At another earlier protest, an Israeli professor likened this bill to the 1935 Nuremberg Race Laws which set the stage for the Holocaust:

Israeli educational psychologist Prof. Gavriel Solomon said that “the idea of Judenrein or Arab-rein is not new… Some might say ‘how can you compare us to Nazis’. I am not talking about the death camps, but about the year 1935. There were no camps yet but there were racist laws. And we are heading forward towards these kinds of laws. The government is clearly declaring our incapacity for democracy.”

A state which needs such oaths is a state unsure of its own identity, lacking self-confidence, perhaps sensing unconscious guilt at the injustices that lie  at its foundation.  It signifies a state at war with itself.  That is why you don’t see firmly established democracies like the U.S., Britain, Germany, France racing to affirm their identities as Christian nations.  These are countries more or less comfortable in their own skins.

When it affirms this oath as law it will cease being Israel and become the Jewish Republic, as Gideon Levy writes.  And let us be very clear, they are not the same thing.  Jewish citizens should no longer be called Israelis, but rather Judeans.  At that point, Judea or whatever you want to call it might just as well have a king as a Knesset.  Let’s call him Yvette I, shall we?  Let’s rebuild the Temple and install Moshe Feiglin as High Priest.  King Yvette can reign from Jerusalem and have his winter palace at Nokdim (the settlement he calls home), just as Herod built his at the fateful Masada.

It’s at this point I seek to join the party of Rabbi Yochanan Ben Zakkai, who, according to a legend some claim to be apocryphal, could see the handwriting on the wall during the Roman siege against Jerusalem.  He escaped the city in a coffin during a period of plague, negotiated with the Roman general conducting the siege, who allowed him to flee to a little town called Yavneh.  There he established a rabbinic academy that sought to come to terms with the trauma of the destruction of the Second Temple, and hence laid the groundwork for the survival of the Jewish people as they scattered to the Diaspora.

In other words, Lieberman and even Bibi are sowing the seeds of Israel’s destruction.  It’s really plain and simple (but also horrible).  If you are prepared for this to happen you will stand and watch.  If not, you will do something to object, to resist.

We should remind Israeli and Diaspora Jewish leaders that the specter of BDS hovers over ever such Israeli act and strengthens the movement.  This reinforces the notion that Israel is its own worst enemy, and that all its opponents need to do is sit back and watch as Israel virtually destroys any credibility or sympathy it may retain on the world stage.  Indeed, such laws perfectly illustrate the Midrash which states that the Holy Temple was destroyed due to the sinat hinam (senseless hatred) of two brothers for each other.  Today, we’re looking at an Israel which destroys itself inch by inch while the rest of us (or at least some of us) look on in horror and disbelief.

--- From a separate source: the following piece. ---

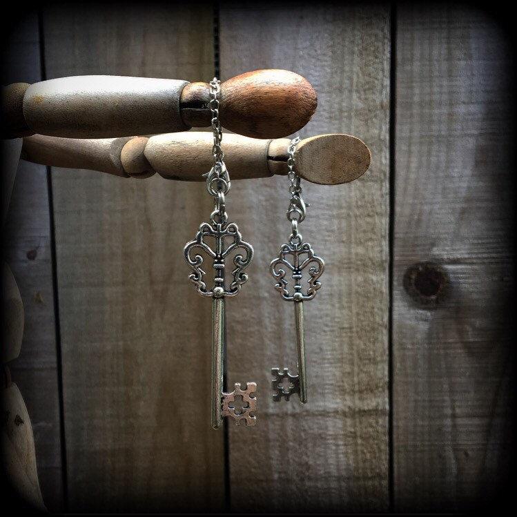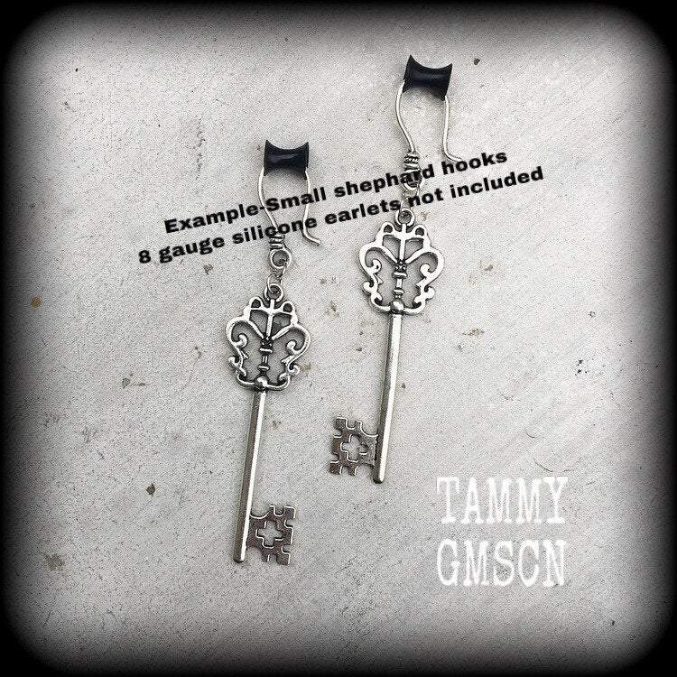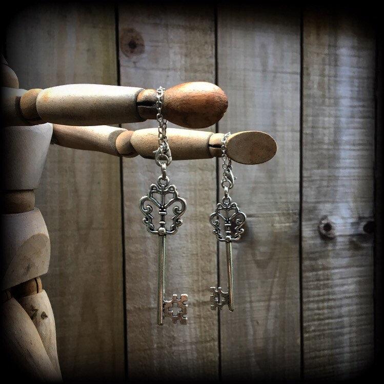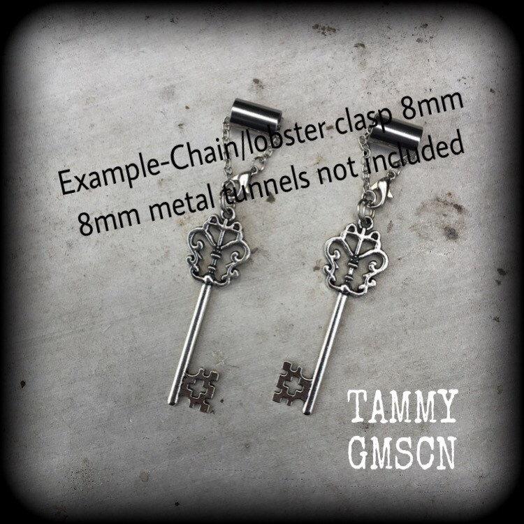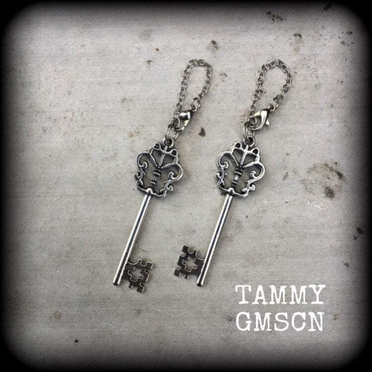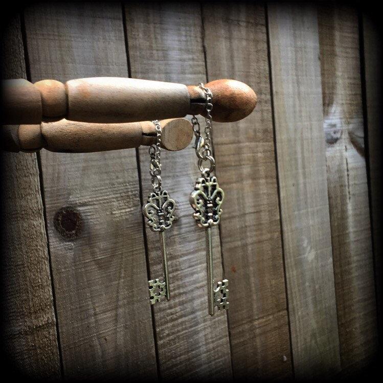 Measuring at just over 9cms from top to bottom these lovely dangly earrings feature an ornate antique silver key, made on a chain and lobster clasp, to be worn in silicone earlets in stretched ears.

To conclude, let us all say no to a state that defines itself solely in religious terms; to a state that affirms that Judaism is its dominant religion; to a state that subordinates democracy to religion; to a state that is Jewish to the exclusion of all else and all others.  Ours is a vision of an Israel that affirms and values the religions of all its citizens; that offers equal rights to all citizens; that embraces all ethnicities while derogating none (including Judaism, lest dyed-in-the-wool Zionists claim that this means the death of Israel or Zionism).